Titans Paper Implementation

⚠️ Disclaimer: Experimental ⚠️

This repository is an experimental and unofficial implementation of ideas from the TITANS paper and related memory-augmented transformer research.

It is not an official release, nor is it guaranteed to match the results or architecture of the original paper.
The code is for research, exploration, and educational purposes only. Use at your own risk!

Project Overview

This project explores memory-augmented transformer architectures inspired by the TITANS paper, focusing on:

Memory as a Context (MAC): Integrating persistent and long-term memory into Llama models.
Surprise-based Memory Updates: Implementing gradient-based "surprise" learning rules for memory.
Distillation: Training smaller student models from a large Llama teacher, optionally with memory modules.
vLLM Compatibility: Exporting models for efficient inference with vLLM.
Custom Inference Wrappers: Wrapping Llama models with memory buffers for plug-and-play memory-augmented inference.

Implemented Architectures

MACTransformer / MACLlamaForCausalLM:
Implements "Memory as a Context" (MAC) as described in the TITANS paper, with persistent and long-term memory buffers, and both EMA and surprise-based update rules.
See: models/llama_titans.py, models/vllm_mac_model.py
InferenceMemoryWrapper:
A HuggingFace-compatible wrapper for Llama models, adding a memory buffer and surprise/EMA update logic for inference.
See: models/inference_memory_wrapper.py
Naive TitansModel:
A minimal, didactic implementation of a memory-augmented transformer block for educational purposes.
See: models/naive_model.py
PaperMemory:
A direct, minimal translation of the memory update equations from the TITANS paper, for reference and testing.
See: models/paper_memory.py

Quickstart

1. Distill a Student Model (with or without MAC)

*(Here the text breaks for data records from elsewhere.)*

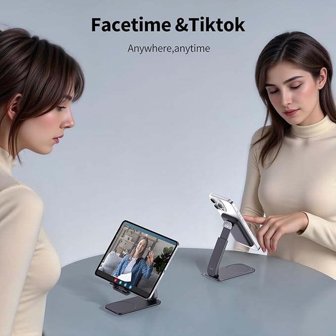 - Wide Compatibility: This multifunctional desk stand is compatible with all types of mobile phones and tablets. It compatible with iPhone 16/15/14/13/12 series, including MagSafe cases, as well as Samsung, Android mobile phones and tablets with magnetic function. iWALK has thoughtfully designed a foldable bracket, even if the device does not have the magnetic function, it can still be firmly held.
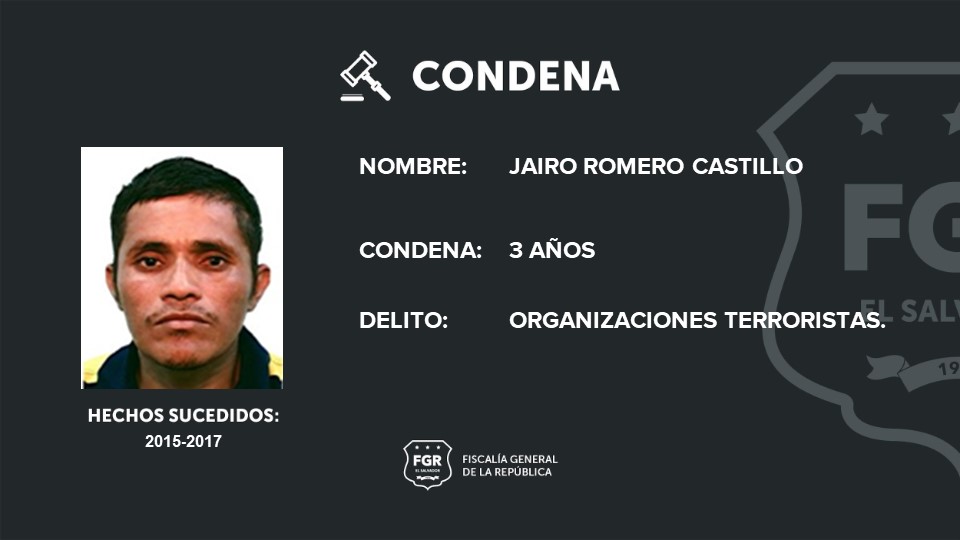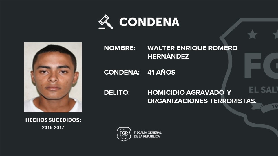 Mientras que Walter Enrique Romero Hernández, alias Tuder y Jónathan Josué Amaya, alias Luck, fueron sentenciados a 41 y 39 años de prisión, respectivamente por un homicidio agravado y organizaciones terrorista.
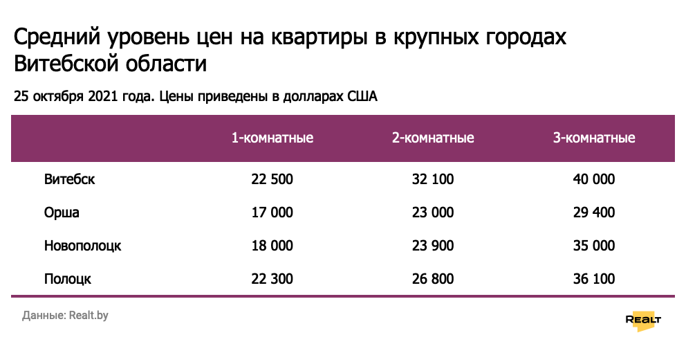 Мониторинг цен предложения квартир в Витебске и городах Витебской области за 18−25 октября 2021 года
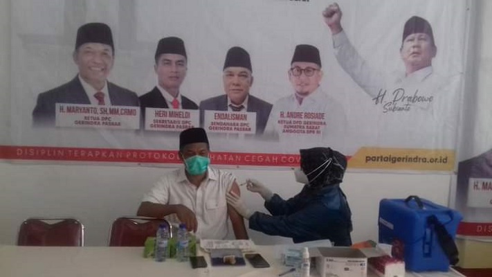 Ketua DPD Partai Gerindra Sumbar Andre Rosiade mengapresiasi kegiatan vaksinasi di Pasbar. Menurutnya, vaksinasi harus terus digelar agar lebih cepat membuat mayoritas warga Sumbar dan Indonesia sudah divaksin. “Terima kasih kepada DPC Gerindra Pasbar dan Kota Padang yang telah menggelar vaksinasi di Pasbar. Ini juga harus di ikuti oleh DPC Gerindra Kabupaten/Kota lainnya di Sumbar,” kata Andre Rosiade. (Red/Buyung).
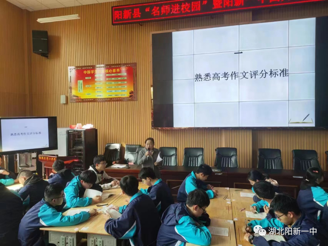 此次活动分为两部分。首先,吴洪涛老师为阳新一中高三学子传经送宝,带来了《高考作文升格之法》的专题讲课。吴老师结合高考评分标准,带领学生研读评分细则,熟悉高考评分准则,对比示范作文,总结高分作文的特点,如有事例论证充分、语言表达准确生动、有感染力、书写工整美观、有适当的辩证论证等特点。吴老师以其丰富的备考经历,扎实的备考功底展示了高考审题的重要性,令与会人员受益匪浅。
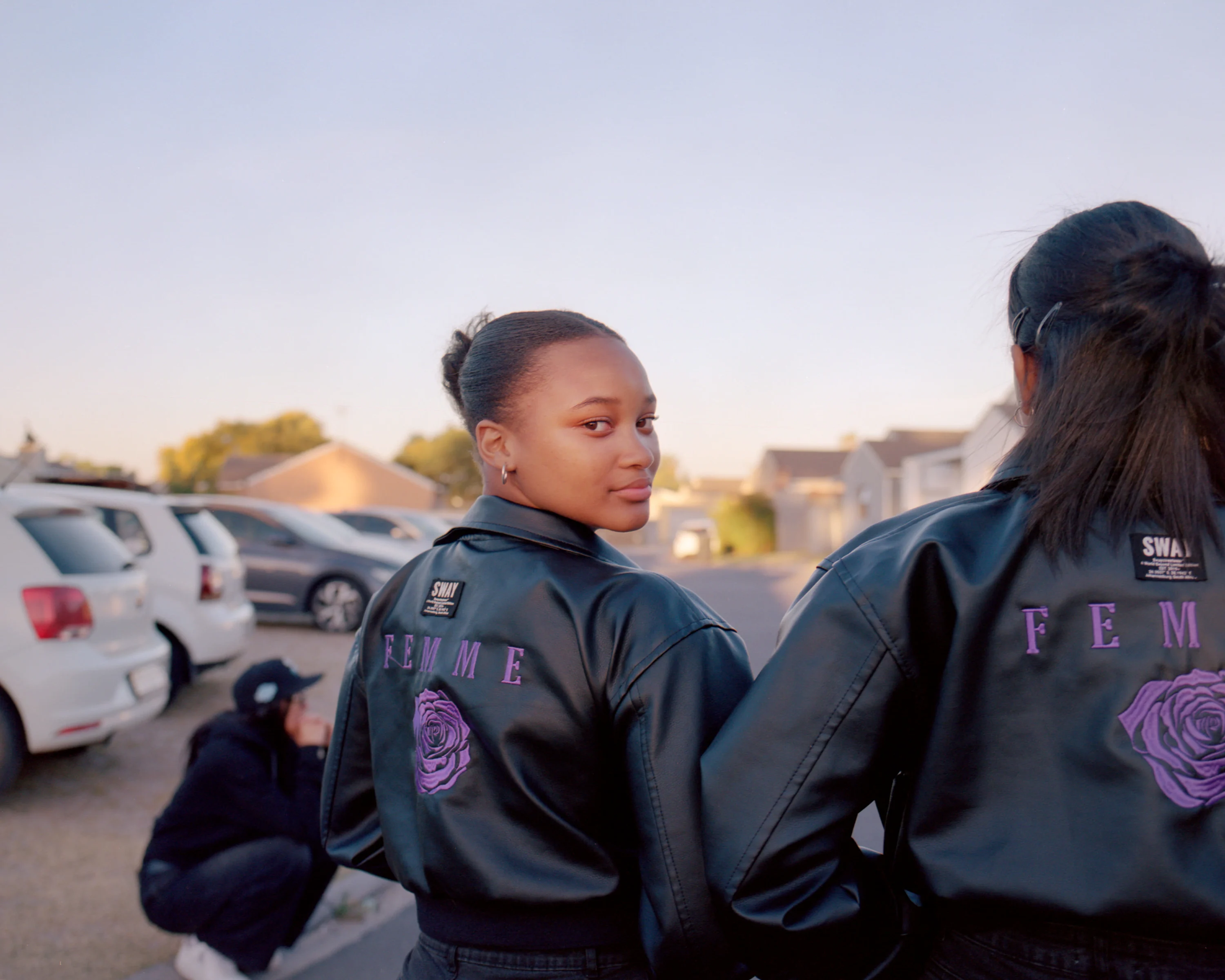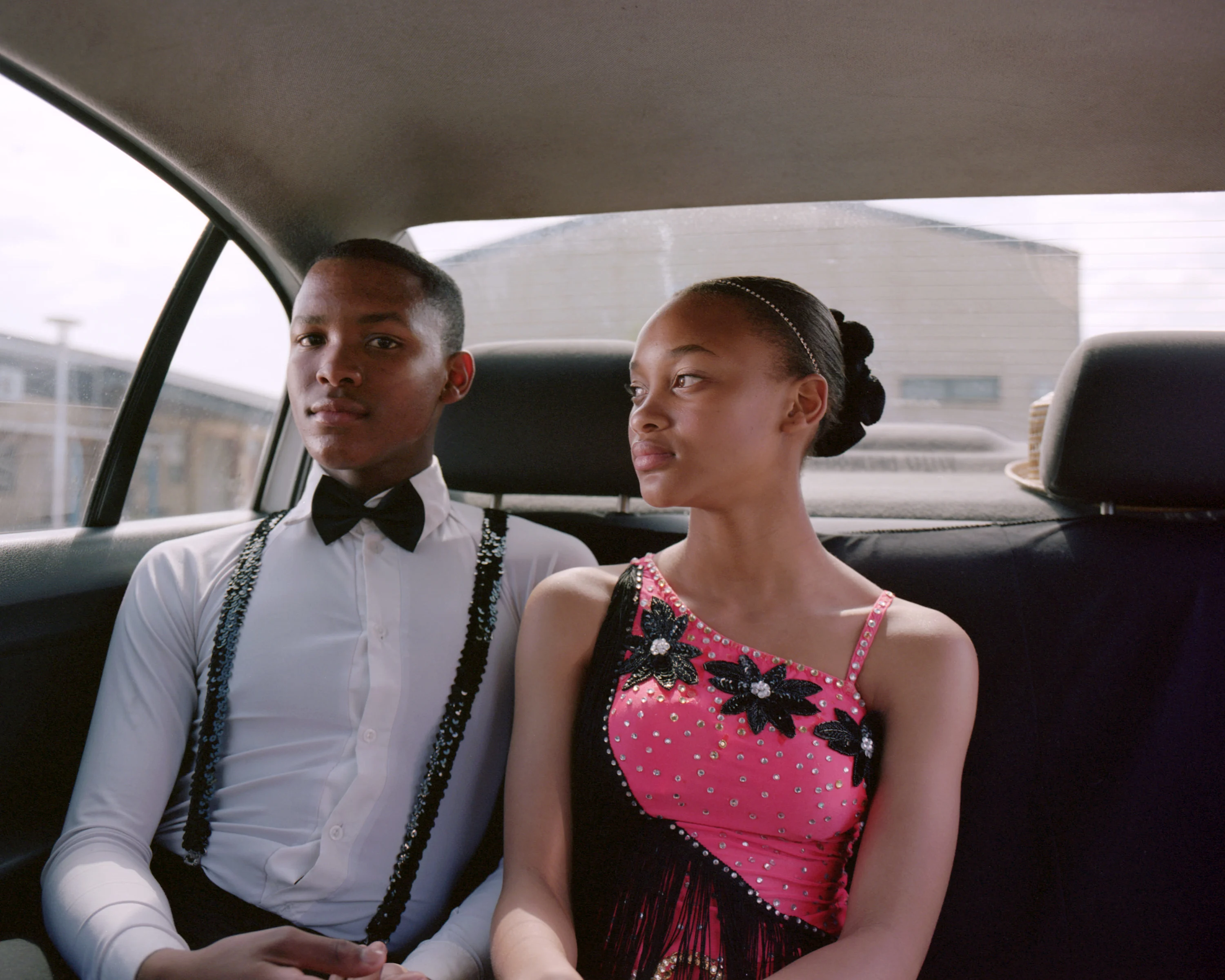 In 2017, Alice Mann worked at a primary school in Belhar, Cape Town, for “Drummies,” her acclaimed series exploring all-female teams of drum majorettes in South Africa. As part of her work with the school at the time, she was asked to photograph their newly established ballroom dancing team. “I did documentary portraits of all the ballroom dancers, and we played around in little groups in the same way that I had done with the drum majorettes,” she says. She recalls how one duo stood out to her amidst a band of young dancers still finding their feet. “They were completely synchronized,” she recalls, “and looked like they had been doing it for 30 years.”
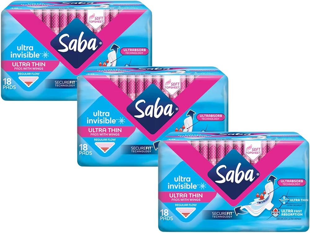 Experience exceptional everyday comfort and discreet, reliable protection with SABA Ultra Invisible™ Ultra Thin Pads, now offered in a convenient and value-packed 3-pack designed to give you confidence, freshness, and peace of mind every single day. Created by SABA, a trusted name in feminine care, these pads are thoughtfully engineered for women seeking dependable protection without sacrificing comfort or discretion. Perfect for regular flow days, each ultra-thin pad is designed with innovative SecureFit™ technology that gently conforms to your body's natural shape. This adaptive design creates a secure, personalized fit that stays in place as you move, bend, and go about your daily routine. Whether you're at work, running errands, relaxing at home, or traveling, these pads move naturally with you for all-day confidence. At the core of each pad is the advanced Ultrabsorb™ system, which rapidly absorbs fluid and distributes it evenly across three strategically placed absorption zones. This technology helps lock in moisture quickly, keeping you feeling dry, fresh, and comfortable for longer periods of time. The result is dependable protection you can trust throughout the day, even during busy or active moments. Crafted with soft, breathable materials, SABA Ultra Invisible™ pads are gentle on sensitive skin and designed for lasting comfort. Their flexible, discreet profile ensures they remain virtually invisible under clothing, providing reliable protection without added bulk. The winged design adds an extra layer of security by helping keep the pad firmly in place, reducing shifting and offering greater peace of mind during everyday activities. Ideal for daily feminine care or regular menstrual flow, this convenient 3-pack is perfect for stocking up on a product you can rely on. With comfort, discretion, and trusted performance in every pad, SABA Ultra Invisible™ Ultra Thin Pads make it easy to feel protected, confident, and comfortable—day after day.

poetry run python distil.py --use-mac  # Add --use-mac to enable memory module

2. Export for vLLM or HuggingFace Inference

With MAC (custom memory):

poetry run python export_mac_model.py --run <run_name> --checkpoint <checkpoint_file>

Standard Llama (no MAC):

poetry run python export_llama_model.py --run <run_name> --checkpoint <checkpoint_file>

3. Run Inference

With vLLM (standard or MAC):

poetry run python vllm_inference.py --use_mac --model_path vllm_mac_model --prompt "Hello, how are you?"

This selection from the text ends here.